INDEPENDENT MEDIA DISTRIBUTION PLC

INTERIM REPORT

FOR THE SIX MONTHS ENDED

30 JUNE 2005

Independent Media Distribution plc ("IMD") today announces its interim results
for the 6 months to 30 June 2005.

Financial Results

* Sales #1,745,000 2004: #1,751,000

* Pre Tax Profit/(Loss) (#258,000) 2004: #537,000

* Interim Dividend 0.65p per share
2004:0.65p per share

Operational Highlights

* Agreement reached with ITV for implementation of IMD's digital
advertising delivery service

* Market conditions in radio advertising remain challenging

* Music revenues up 11.4%

Chairman David Haynes said "The loss for the half year was caused by two factors
and shareholders have been previously alerted to both. The primary reason was
the high level of development expenditure incurred in connection with signing
the breakthrough agreement with ITV for their inclusion in IMD's distribution
network; this major opportunity necessitated substantial costs this year prior
to commencement of operations in 2006. The second cause was the continuing
decline in radio advertising distribution, reflecting industry trends."



ENQUIRIES:
David Haynes (Executive Chairman)
0207 468 6868


SUMMARY OF RESULTS

Six Months to Six Months to Year to 31
30 June 2005 30 June 2004 December 2004
#'000 #'000 #'000

Turnover 1,745 1,751 3,732
(Loss)/profit before Tax (258) 537 897
(Loss)/profit after Tax (219) 381 657

Earnings per Share
Basic (0.65p) 1.13p 1.95p
Diluted (0.64p) 1.11p 1.92p



OPERATING REPORT AND CURRENT TRADING

Television

Shareholders may not appreciate the major impact Television advertising
distribution in the UK and Ireland is having on the structure of the Group. The
potential size of the television market is considerably larger than for radio,
the complexity of the service offering is far more technically challenging and
both the capital investment and the operating infrastructure are much larger.
The total IMD team currently numbers thirty-eight people, treble the number
immediately before development of the television service began. Within that
figure, engineering development, including software programming and hardware
build, is now thirteen people compared with four previously. These numbers
reflect the extra complexity of television combined with the industry's need for
assistance in converting to internal digital management systems.

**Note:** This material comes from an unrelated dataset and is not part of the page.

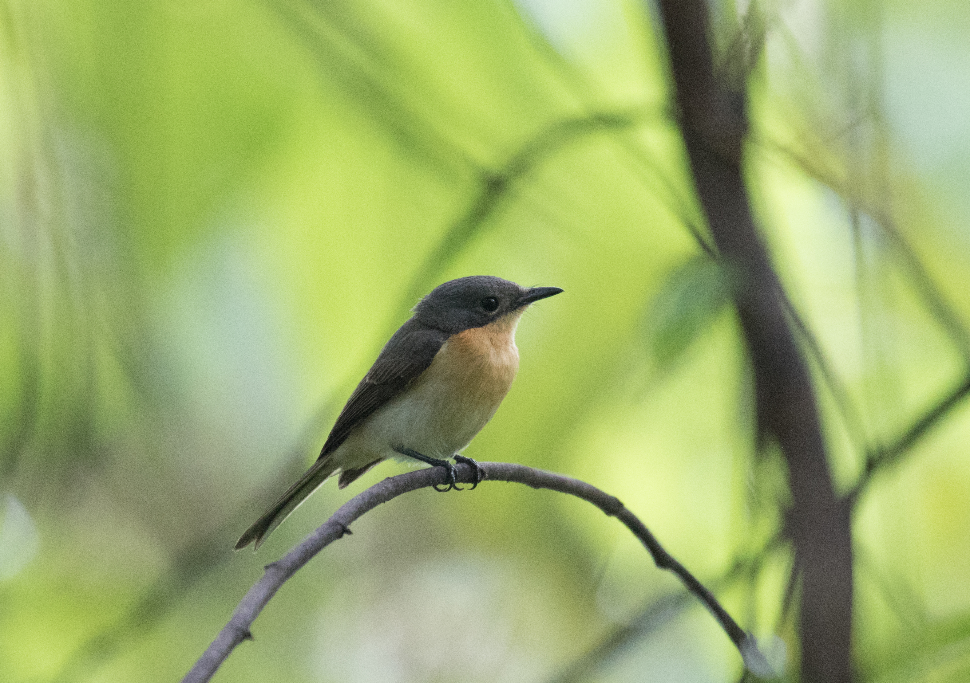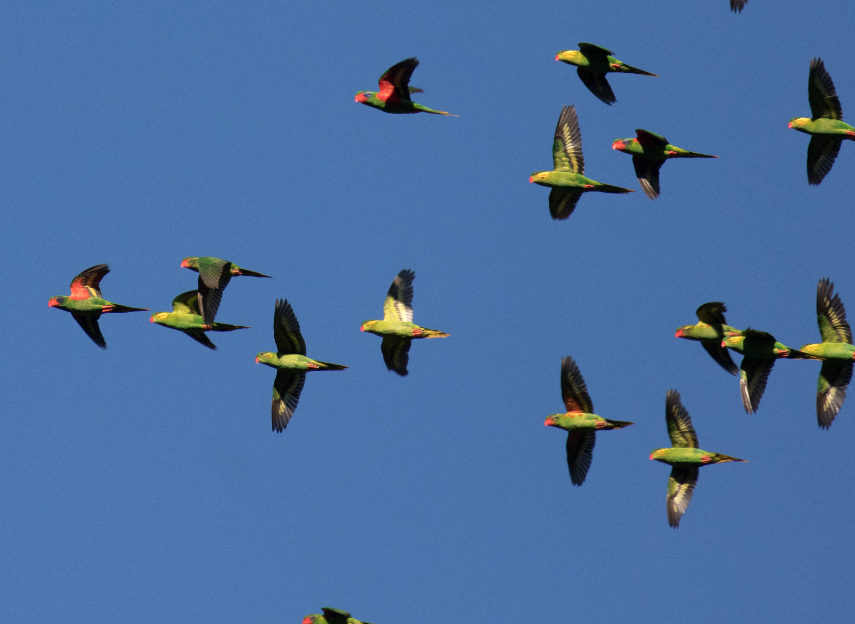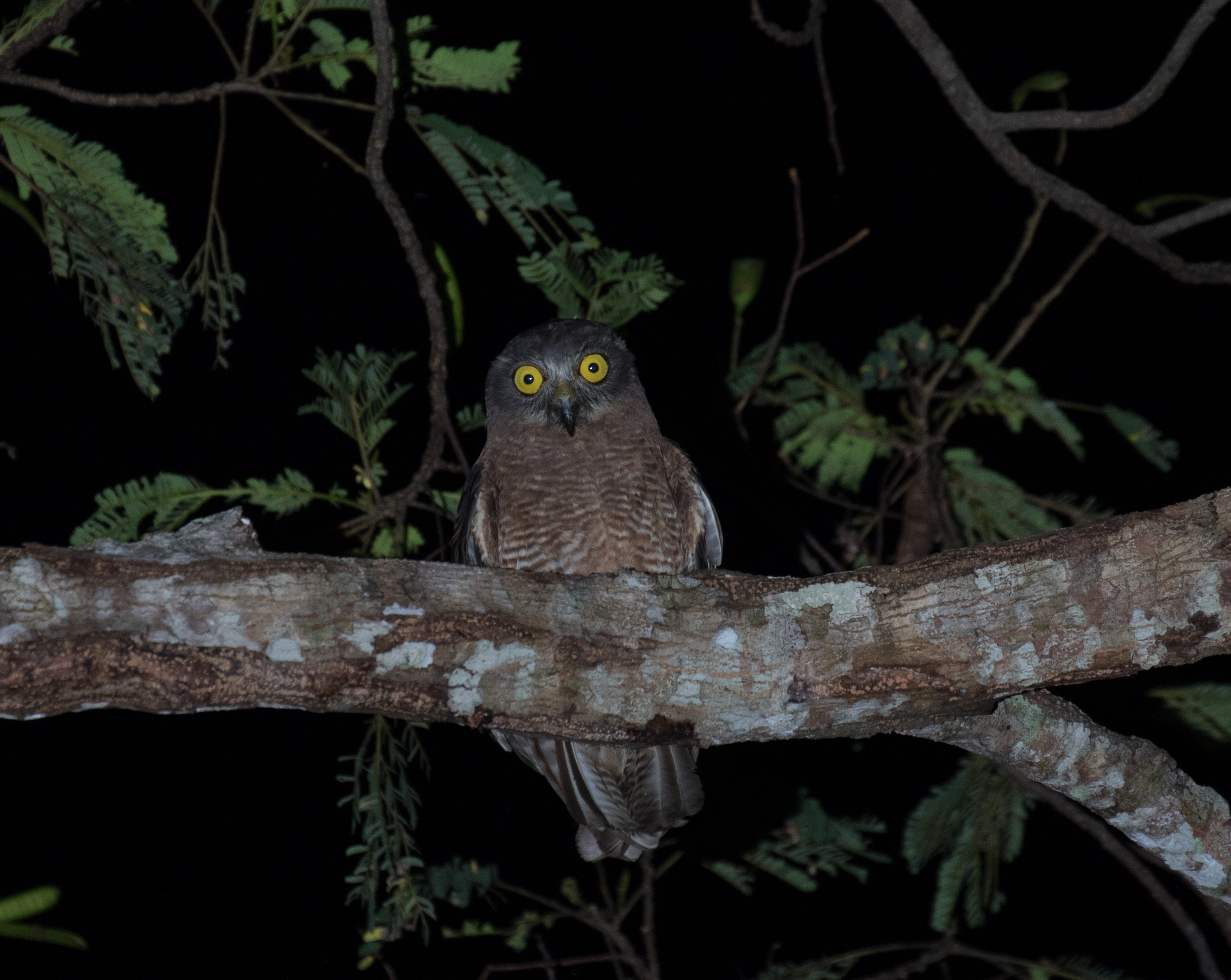 We dropped our bags and quickly made our way to the nearby forest where we spent the remainder of the afternoon and early part of the night searching for birds. Several of our targets were to be the likes of pigeons, fruit-doves, hawks, eagles and parrots, aka birds you really can’t do much to see other than just spot them. It was midday when we arrived but the trail was exceptionally birdy and birds such as Red-flanked Lorikeet, Gray-headed Fruit-Dove, and Black Sunbird were very common. We quickly got on multiple targets as well such as Sombre Kingfisher and Spectacled Imperial Pigeon, Superb Fruit-Dove, and Shining Flycatcher. We stayed out until after dark and managed to find our first of three night targets, Halmahera Boobook.

Reaching agreement with ITV has been a particularly important milestone as it is
not only the most important television advertising audience but it is also the
last major broadcaster not serviced by the IMD digital network. The addition of
ITV therefore will considerably enhance the service offered and several major
customers have indicated that they will transfer all their business when ITV
goes live.

At 30 June 2005 the total investment in the television system exceeded #3
million including half of an additional #700,000 added to the budget as a result
of ITV. This large figure involves not only the direct cost of fitting out ITV
but also extra expenditure in expanding future capacity to ensure all potential
demand can be satisfied. Product development is a continuing requirement.
However the major capital fitting out programme is now committed and future
development will proceed at a lower level.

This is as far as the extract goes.